--- What is required ---
Transcribe, exactly and without pictures, the lines below from the line with "Tento roztomilý set" to the line with "Un suggestivo ritratto", both ends included, and no others.

--- Excerpted records ---
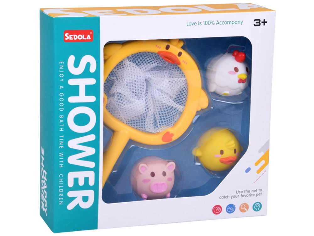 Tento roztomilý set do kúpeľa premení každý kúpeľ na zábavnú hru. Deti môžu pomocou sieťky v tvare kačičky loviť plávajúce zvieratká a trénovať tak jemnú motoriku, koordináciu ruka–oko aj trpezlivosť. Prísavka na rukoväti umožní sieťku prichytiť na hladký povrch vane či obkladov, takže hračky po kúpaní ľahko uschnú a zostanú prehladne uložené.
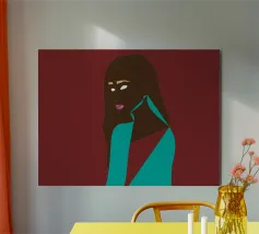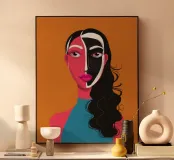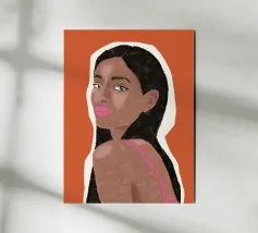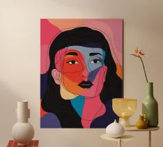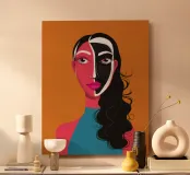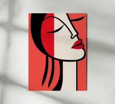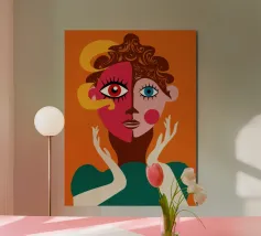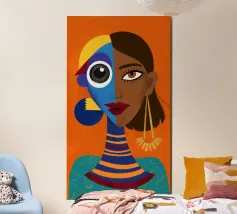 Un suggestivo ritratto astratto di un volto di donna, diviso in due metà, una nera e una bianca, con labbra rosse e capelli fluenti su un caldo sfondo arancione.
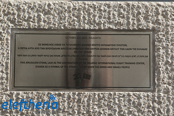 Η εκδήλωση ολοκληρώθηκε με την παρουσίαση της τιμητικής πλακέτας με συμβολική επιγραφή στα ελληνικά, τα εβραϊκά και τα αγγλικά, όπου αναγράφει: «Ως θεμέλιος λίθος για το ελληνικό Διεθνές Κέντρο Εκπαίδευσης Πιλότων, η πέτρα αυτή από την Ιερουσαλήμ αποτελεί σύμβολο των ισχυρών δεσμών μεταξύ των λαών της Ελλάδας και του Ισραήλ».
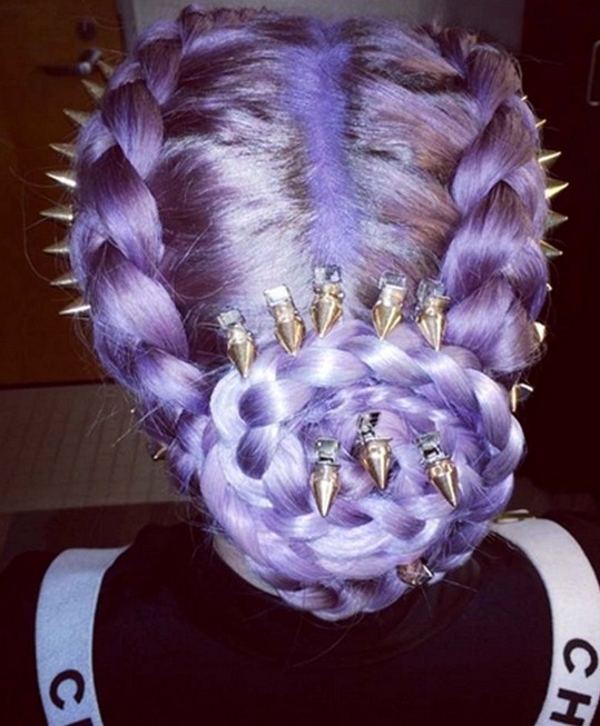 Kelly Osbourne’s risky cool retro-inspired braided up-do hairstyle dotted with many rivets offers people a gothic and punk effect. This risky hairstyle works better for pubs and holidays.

...

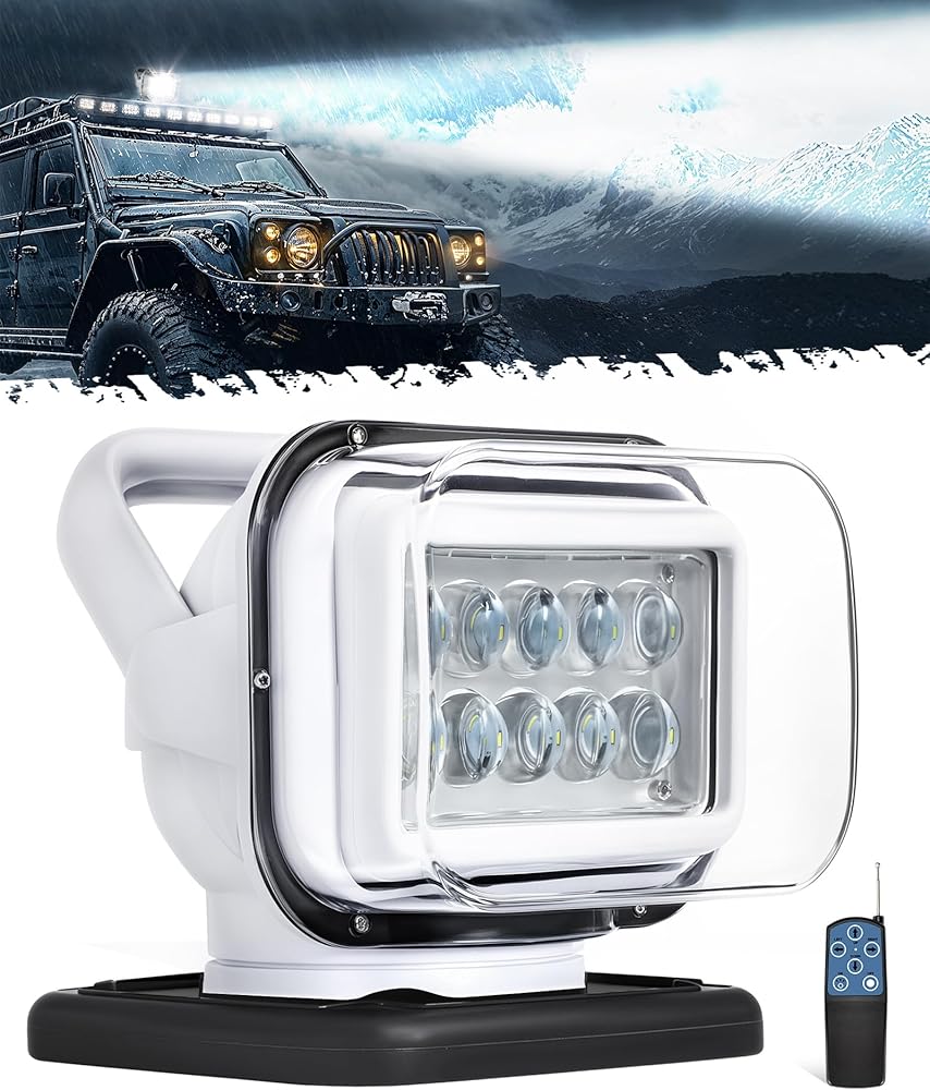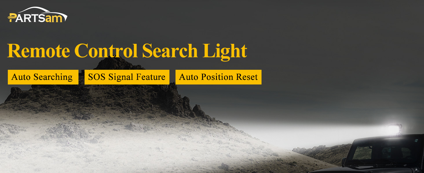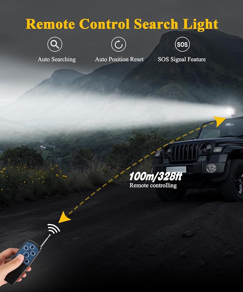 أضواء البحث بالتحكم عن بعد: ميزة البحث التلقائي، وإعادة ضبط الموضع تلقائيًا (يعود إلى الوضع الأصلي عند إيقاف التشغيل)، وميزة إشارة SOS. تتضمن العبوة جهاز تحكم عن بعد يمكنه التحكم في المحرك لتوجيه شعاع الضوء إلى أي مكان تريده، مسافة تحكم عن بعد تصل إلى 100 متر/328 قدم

--- The answer ---
 Tento roztomilý set do kúpeľa premení každý kúpeľ na zábavnú hru. Deti môžu pomocou sieťky v tvare kačičky loviť plávajúce zvieratká a trénovať tak jemnú motoriku, koordináciu ruka–oko aj trpezlivosť. Prísavka na rukoväti umožní sieťku prichytiť na hladký povrch vane či obkladov, takže hračky po kúpaní ľahko uschnú a zostanú prehladne uložené.
 Un suggestivo ritratto astratto di un volto di donna, diviso in due metà, una nera e una bianca, con labbra rosse e capelli fluenti su un caldo sfondo arancione.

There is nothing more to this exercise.